For Correctional Institutions: Should you be an inmate in a correctional institution, health information may be disclosed to the institution or its agents which would be necessary for your health and safety and the health and safety of other individuals.
For Law Enforcement Agencies: Health information may be disclosed to law enforcement agencies for purposes required by law or subpoena.
For Judicial and General Administrative Proceedings: Patient health information may be released per minimum necessary requirements for proceedings.
For Healthcare Oversight: Patient health information may be used by health oversight agencies for activities such as audits, inspections, and licensure activities.
For Specialized Government Functions: In the event that appropriate military authorities require information, it may be released at the minimum necessary level.
For Victim of Abuse, Neglect, and Domestic Violence: Information may be released to social service agencies or protective services in order to protect an individual.
For Emergency Circumstance: If the opportunity to agree or object to the use or disclosure of phi cannot practically be provided because of your incapacity or in an emergency circumstance, the covered entity may, in the exercise of professional judgment, determine whether the disclosure is in the best interest of the individual and if so disclose only the phi that is directly relevant to the person's involvement with the individual's care or payment.
Examples of uses and disclosures that require an authorization such as psychotherapy notes [where deemed appropriate], participation in research, and marketing that involves financial remuneration, are to be made with your written authorization and you may revoke such authorization at any time as provided by 164.508(b)(5).
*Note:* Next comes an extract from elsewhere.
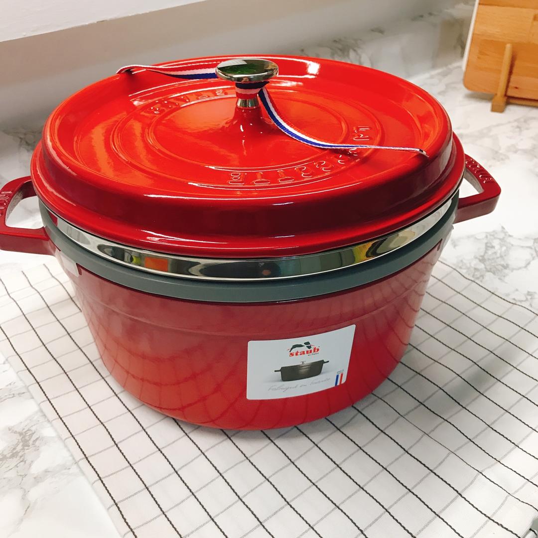先生送的Le Creuset的第一个白珐琅铸铁锅,美到不行,接下来好好养锅,传给未来的孩子😄周日去超市买了一堆调料,要过...

Other uses and disclosures not described in the notice will be made only with your written authorization
Examples of uses and disclosures requiring an opportunity for the individual to agree or to object include the following.
A covered entity may disclose, with your agreement, to a family member, other relative, a close personal friend, or any other person identified by you, the phi directly relevant to such person's involvement with your healthcare treatment or payment related to your healthcare episode.
When an individual is deceased, a covered entity may disclose to a family member, or other persons who were involved in the individual's care or payment for health care prior to the individual's death, protected health information of the individual that is relevant to such person's involvement, unless doing so is inconsistent with any prior expressed preference of the individual that is known to covered entity.
Any other uses and disclosures not specified in this Notice will be made only with an authorization from you.
Thank you for reading the Notice of Health Information Practices.